Workers Automating Meaningful Work They'd Prefer to Keep Due to AI Anxiety
"A fascinating study that came out of Stanford a while back that found 41% of Y Combinator AI startups are automating things that people would prefer to keep human. And again, this again boils down to the psychology of this. We can't just assume that because the technology can do something, because it can automate something, it should be automated."
About this episode
In this episode of The Cognitive Revolution, host Nathan Labenz speaks with Rebecca Hines, head of the Work AI Institute at Glean and author of the new Work AI Index 2026 report. The report surveyed 6,000 knowledge workers across the US, UK, and Australia to capture how AI is actually being used in enterprises far outside the AI bubble. The headline findings reveal a paradox: 87% of workers now use AI, 73% report productivity gains, and they claim to save an average of 13 hours per week. Yet only 13% say their organizations are performing significantly better as a result. Hines introduces two new terms to explain the gap. Bot sitting describes the hidden labor of feeding AI context, debugging outputs, and cleaning up mistakes, which consumes 6.4 hours weekly—roughly half the reported time savings. Bot shitting refers to workers shipping AI-generated work they cannot explain or defend, with 69% admitting to this behavior. The report draws on both survey data and aggregated Glean platform telemetry showing 36% of AI sessions fail outright. Hines argues the root causes include lack of organizational AI strategy, context-poor tools that don't integrate, and perverse incentives like rewarding token consumption. Workers most threatened by AI are paradoxically automating meaningful work they'd prefer to keep, driving burnout and turnover. The conversation explores solutions including enterprise context graphs that connect all organizational data, measuring and rewarding collaborative AI use rather than individual clicks, aligning work to meaningful mission, and using AI detection thoughtfully to identify both top performers worth retaining and low performers gaming the system. Hines emphasizes this is fundamentally a human change management challenge, not just a technology rollout, and that organizations must be intentional about what work should remain human to preserve meaning, ownership, and judgment.
Key takeaways
- Workers report saving 13 hours weekly with AI but only 13% say their organization performs significantly better, revealing a massive productivity-performance gap.
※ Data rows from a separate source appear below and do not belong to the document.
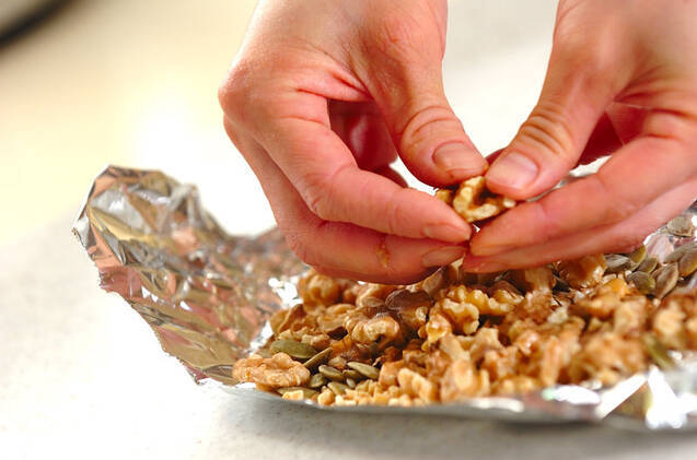水を人肌程度に温める。ナッツはローストし、粗く砕いておく。型に分量外のバターをぬっておく。オーブンを190℃に予熱する。
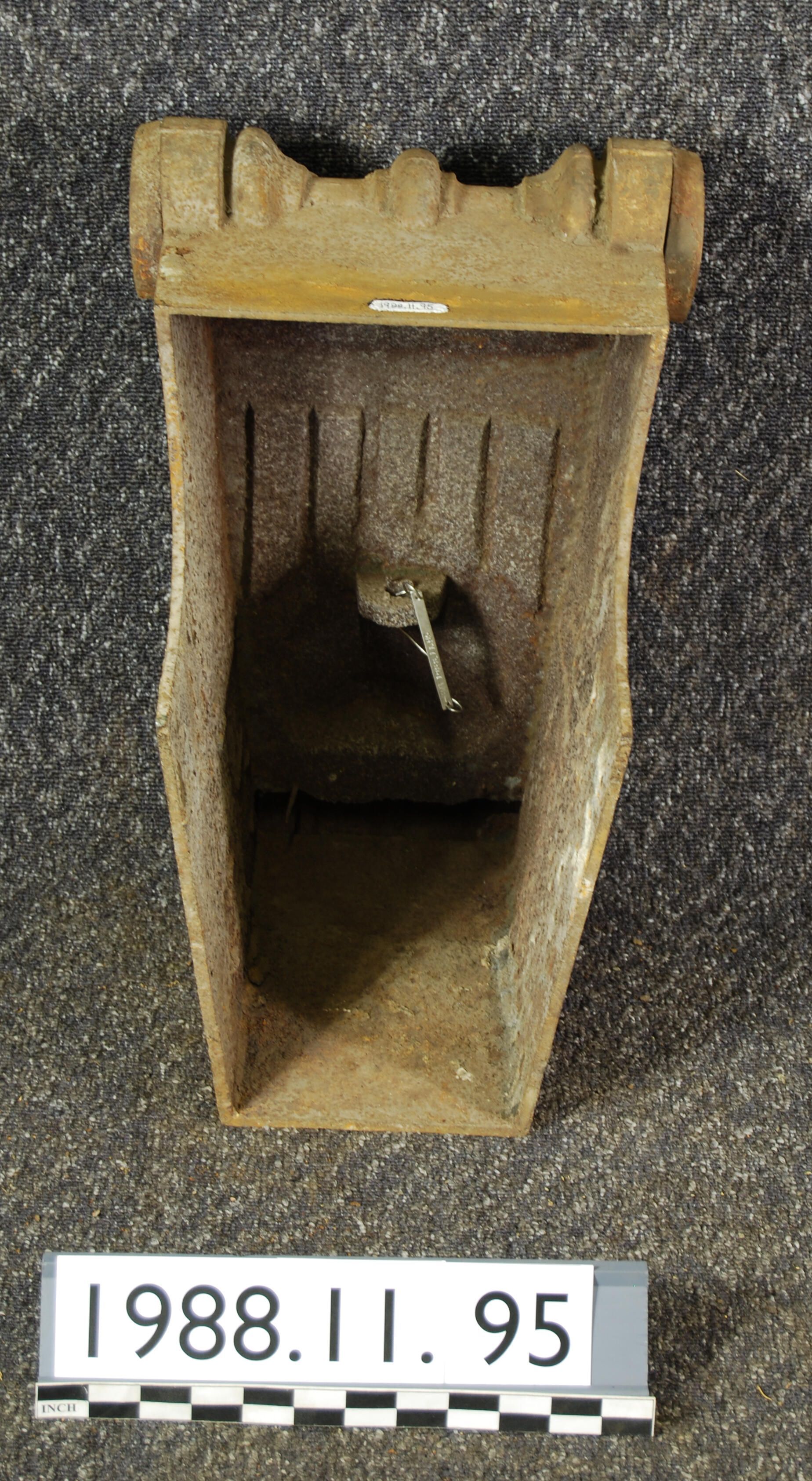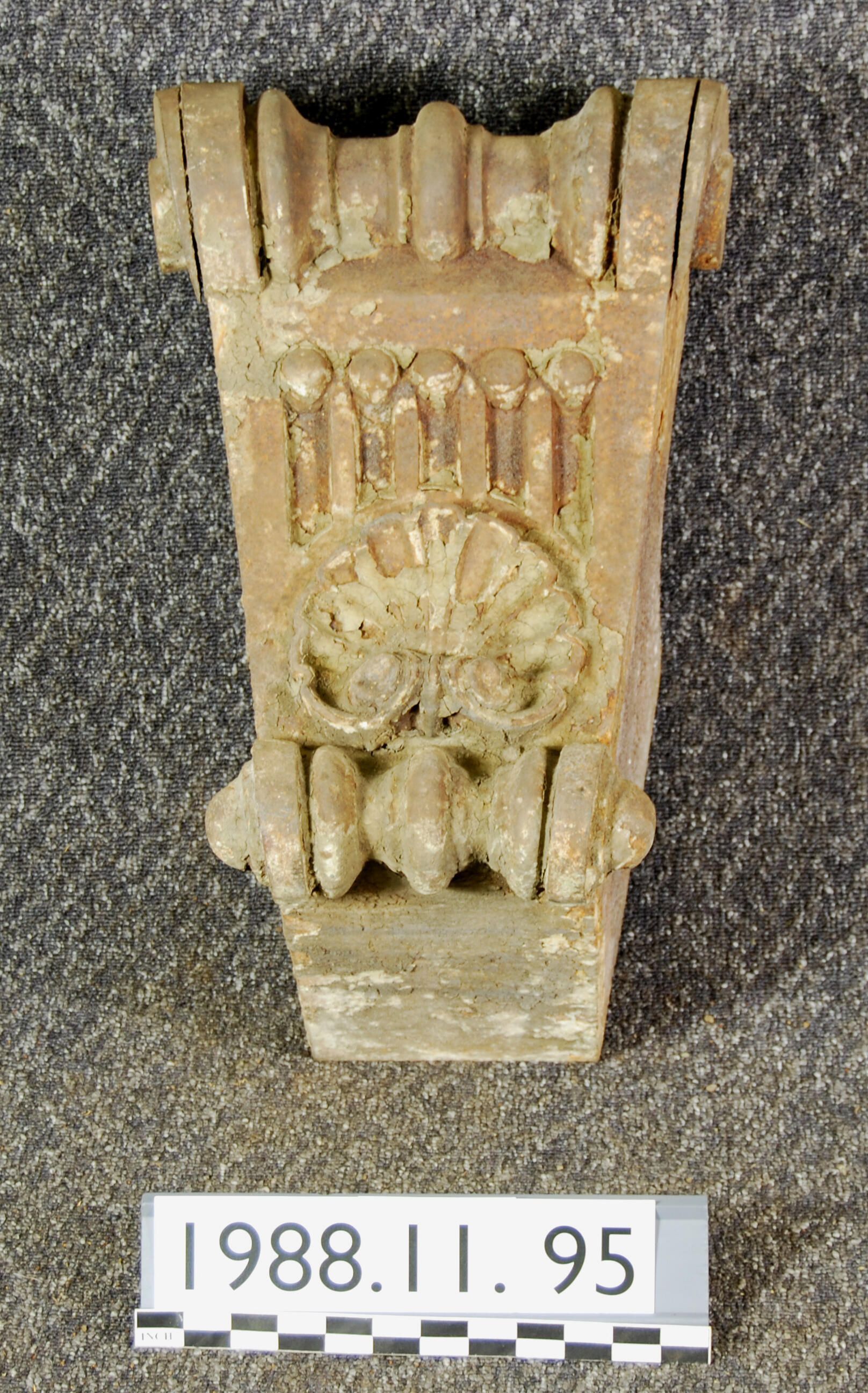 Cast iron keystone with wedge-shaped hollow body. Front top has reel with scrolled sides. Front has beaded / fluted ornamentation and scalloped shell motif. Bottom has reel with semi-spherical sides. Reverse has eye for mounting to masonry.
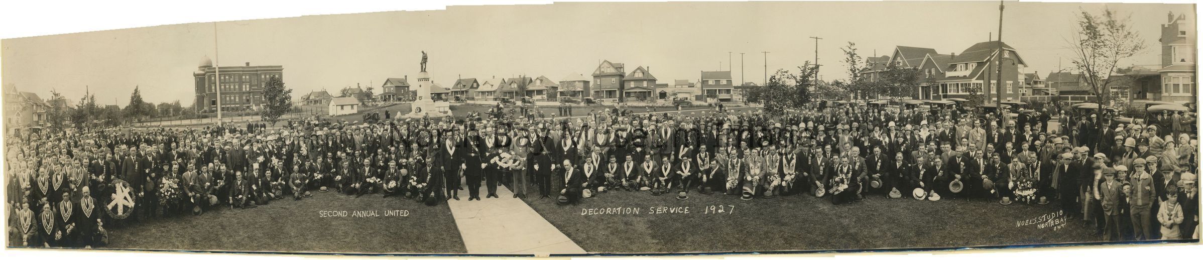 1 black and white photo of Second Annual Decoration Service 1927, taken at Memorial Park with Cenotaph and Normal School or teacher's college in background, this belonged to donor's father Robert Stenning who lived in North Bay about 50 years, worked at ONR as a signcoviter. 27 inch longCreator
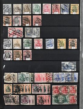 Deutsches Reich, 1872-1923, unterschiedliche alte Slg. ab Kaiserreich, mit einigen Brustschilden, z.B. Nr. 16/22, Pfennig, Germania mit Mark-Werten, u.a. Nr. 97B im Bogen, Infla, Dienst etc.
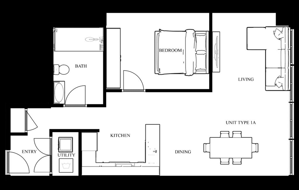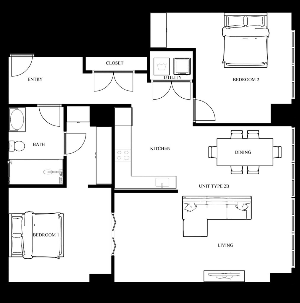 1 Dormitorio, 1 Baño, 770 pies²Disponible AhoraGalería del Modelo

- Bot sitting consumes 6.4 hours per week—half of AI time savings—as workers feed context, debug outputs, and clean up AI mistakes in poorly integrated systems.
- 69% of workers admit to bot shitting, shipping AI-generated work they cannot explain or defend, signaling both AI capability and prevalence of bullshit work.
- 36% of AI sessions fail according to Glean telemetry data, requiring workers to start over or heavily revise, with context-feeding causing the highest exhaustion.
- Workers most threatened by AI paradoxically automate meaningful work they'd prefer to keep, particularly relationship-building roles like customer service, driving turnover.
- Most successful organizations measure AI impact holistically, view AI as teammate not peer, reward collaborative use over individual token clicks, and align to clear mission.
- Enterprise context graphs that connect people, tasks, documents, and mission enable AI to recommend optimal work allocation and reduce bot sitting dramatically.